ALBANY — New York’s primary lobby for farmers and an advocate for small business owners are headed for a statehouse tussle with progressive groups pushing for a measure that could raise the minimum wage in the upstate region to $20 per hour by 2026.

The bill, introduced by progressive Democrats in both chambers of the Legislature, aims to preserve the purchasing power of workers’ wages without having to return for additional legislative action when inflation erodes earnings.

Gov. Kathy Hochul signaled her support for linking the state minimum wage to a cost of living index in her State of the State speech. The Hochul administration is expected to outline how its plan would work when the proposed state budget is released. Lawmakers need to hammer out a new spending plan by March 31 to be on time for the state fiscal year beginning April 1.

Saying that inflation has pushed many New York families to the “breaking point,” Hochul argued that providing workers with an annual review of the floor wage in New York is “a matter of fairness and social justness.”

She drew cheers from many lawmakers after plugging minimum wage hikes indexed to the inflation measure.

Last week, Jeff Williams, legislative director for the New York Farm Bureau, said the minimum wage battle will be the top priority in 2023 for his organization.

“Now we’re apparently going to go above $15 an hour when we haven’t even gotten to $15 (in the upstate region), and so New York’s minimum wage would end up being double the minimum wage in Pennsylvania,” Williams said.

When farmers’ labor costs shoot higher due to a higher wage, they have to absorb it out of their own money because market forces drive the prices charged for what their farms produce, he said.

“This would continue to make New York non-competitive with competitive states,” said Williams.

The minimum wage in Pennsylvania is now set at $10 per hour, while the minimum wage in upstate New York was raised to $14.20 per hour Dec. 31.

A study by the Economic Policy Institute, a liberal think tank, projects that 2.9 million New York workers will benefit from the legislation advanced by Sen. Jessica Ramos, D-Queens, the chair of the Senate Labor Committee, and they would see annual raises averaging $3,307, if the proposal is enacted.

Ronald Deutsch, director of New Yorkers for Fiscal Fairness, said it will be difficult for lawmakers to reject what he called a needed boost in the statewide minimum wage after they voted in a rare Christmas week session last month to increase their own pay by $32,000 annually, bringing the current base salary to $142,000 for the 213 members.

Michael Kink, executive director for Strong Economy for All, a labor-backed group that lobbies for progressive measures at the statehouse, said his organization is working to advance the Ramos bill, noting it would examine not only the increased cost of living but increased worker productivity.

“We should have a wage that fully incorporates the increased cost of living, and we shouldn’t lock in poverty wages,” Kink said. “We should make sure people earn enough to live on.”
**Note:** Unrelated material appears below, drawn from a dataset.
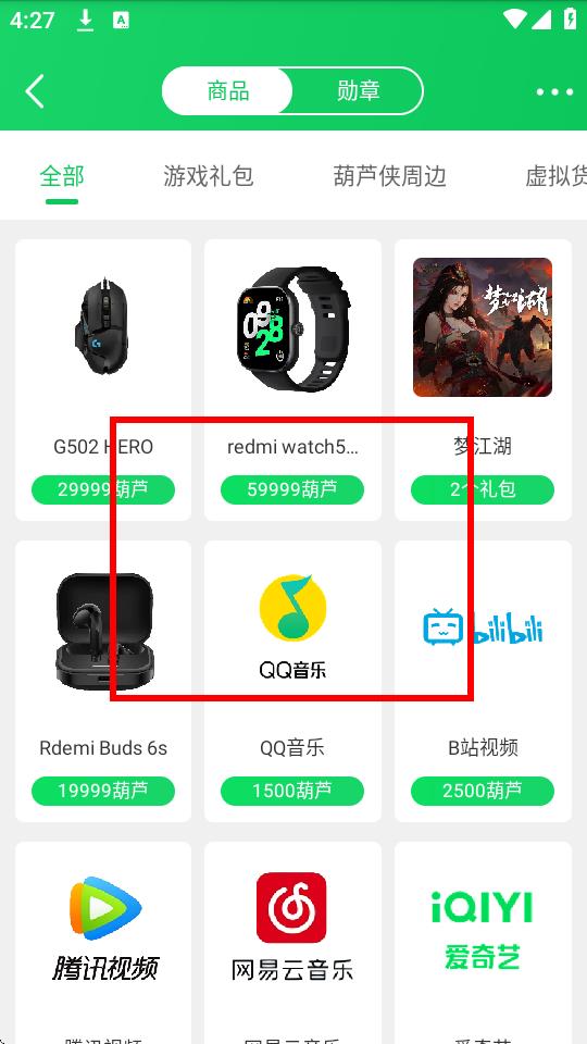 3、在禮物兌換中心的商品列表中,選擇想要兌換的商品,比如QQ音樂權(quán)益。

Ashley Ranslow, executive director of the New York office of the National Federation of Independent Business, said linking New York’s minimum wage to inflation is bound to have unanticipated consequences, including forcing employers to cut workers’ hours and price increases for goods and services that all New Yorkers, including low-income workers, purchase.

“We’ve already seen unprecedented levels of price hikes and supply chain problems,” Ranslow said. “There is certainly a strong possibility that this is going to further increase the price of goods and services. And there’s going to be a point where consumers say, ‘Do I have the money to buy this?'”

She said annual hikes in the state minimum wage would add to the headaches of small business owners, and likely provoke labor conflict when workers making several dollars an hour above the minimum wage find workers with relatively little experience are suddenly on par with their pay scale.

Both Senate GOP Leader Rob Ortt, R-Niagara County, and Assembly Republican Leader Will Barclay, R-Pulaski, have signaled their opposition to the inflation-indexed approach to additional minimum wage hikes.